Data under study:
★ ★ ★ ★ ★ ★ ★

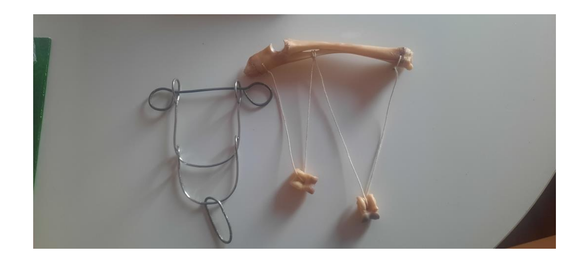
3rd PLACE toy made of bone and iron
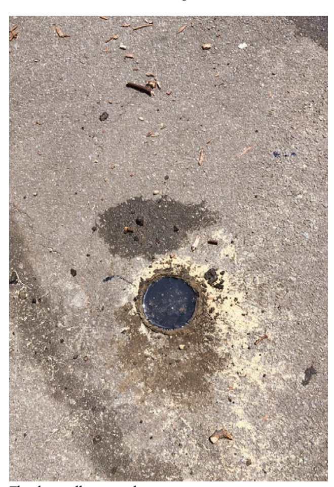
The data collector under your car. 4 ARLINGTON CONNECTION OCTOBER 4-10, 2023

For more information, see: https://www.arlingtonva.us/Government/Programs/Transportation/Parking/Performance-Parking-Pilots
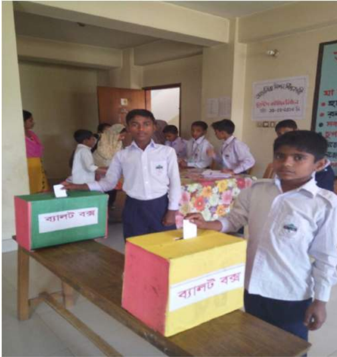
Students casting votes in the student council election

the center, AMCC is giving emphasis to develop qualities like respect to democratic practices, social values and norms, tolerance to different opinions, help teachers in taking classes and take part in every development activity of AMCC. In order to make sure participation of the children in development activity and building a sense of responsibility and leadership among children, student council election is held every year. This year election was held in March 2016 with huge zeal and enthusiasm among children. Election schedule was declared a month's ahead for 7 posts of student council. To conduct the election one election commissioner, one presiding officer and two polling officers were employed from among

★ ★ ★ ★ ★ ★ ★

Exercise details:
Every line above that holds the word "student" needs to be copied.

Solution below:
Students casting votes in the student council election
the center, AMCC is giving emphasis to develop qualities like respect to democratic practices, social values and norms, tolerance to different opinions, help teachers in taking classes and take part in every development activity of AMCC. In order to make sure participation of the children in development activity and building a sense of responsibility and leadership among children, student council election is held every year. This year election was held in March 2016 with huge zeal and enthusiasm among children. Election schedule was declared a month's ahead for 7 posts of student council. To conduct the election one election commissioner, one presiding officer and two polling officers were employed from among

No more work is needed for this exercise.